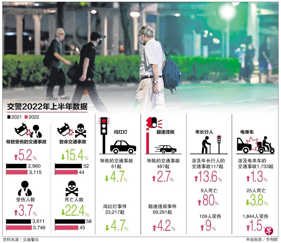 今年上半年,本地的致命交通事故和死亡人数同比减少,但涉及年长行人且导致伤亡的交通事故和伤亡人数都增加。涉及年长行人的车祸当中,有高达45.3%是年长人士乱过马路造成,情况令人关注。
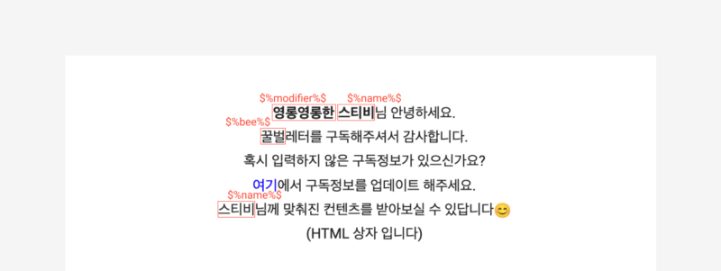 스티비에서는 메일 머지 기능을 제공하고 있습니다. 스티비에서 사용하는 메일 머지 태그는 $%field%$ 형식인데요. 여기에 사용하고자 하는 필드 키만 입력해주면 HTML 상자와 HTML 작성하기에서도 쉽게 사용할 수 있습니다!
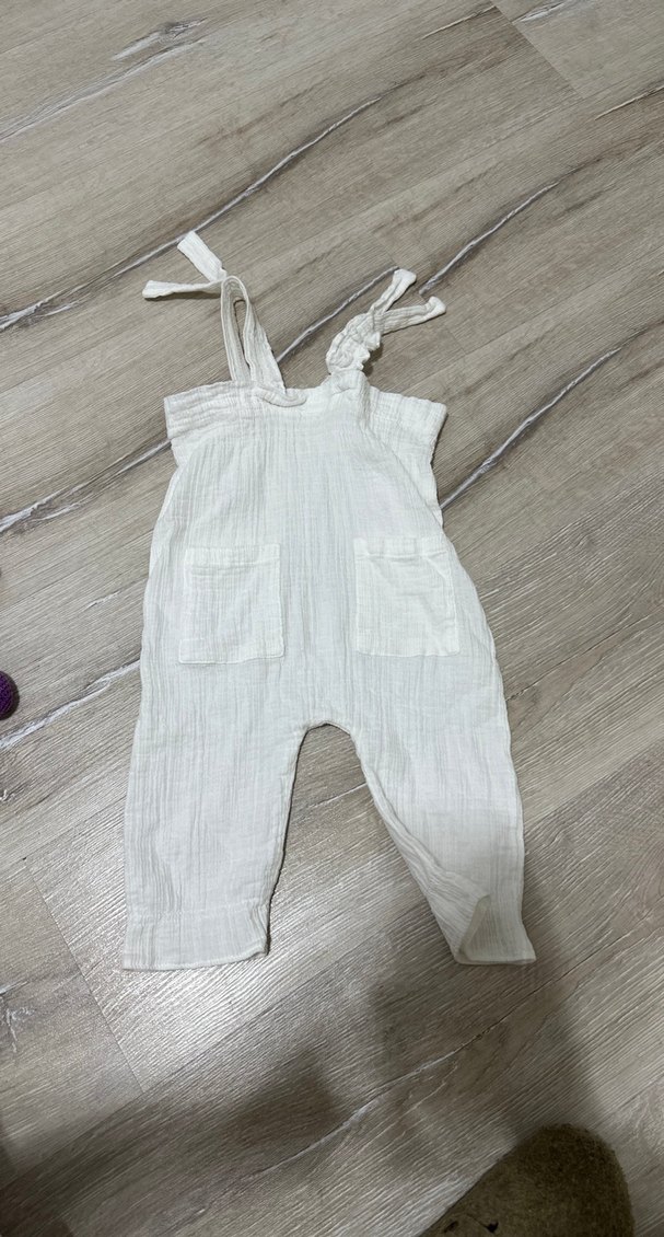 Keten kumaştan, askılı ve bol kesimli beyaz tulum. Önde iki cep bulunur, bohem tarzıyla rahat ve şık görünür.
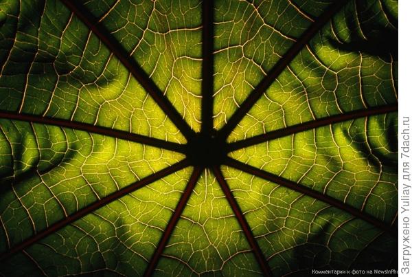 Паутина прожилок пронизывает весь лист клещевины, растущей в Венгрии.

^^^^^^^^^^^^^^^^

- **Description of the task**: Give the material above again exactly as it stands, minus any images.

- **Answer area**:
 今年上半年,本地的致命交通事故和死亡人数同比减少,但涉及年长行人且导致伤亡的交通事故和伤亡人数都增加。涉及年长行人的车祸当中,有高达45.3%是年长人士乱过马路造成,情况令人关注。
 스티비에서는 메일 머지 기능을 제공하고 있습니다. 스티비에서 사용하는 메일 머지 태그는 $%field%$ 형식인데요. 여기에 사용하고자 하는 필드 키만 입력해주면 HTML 상자와 HTML 작성하기에서도 쉽게 사용할 수 있습니다!
 Keten kumaştan, askılı ve bol kesimli beyaz tulum. Önde iki cep bulunur, bohem tarzıyla rahat ve şık görünür.
 Паутина прожилок пронизывает весь лист клещевины, растущей в Венгрии.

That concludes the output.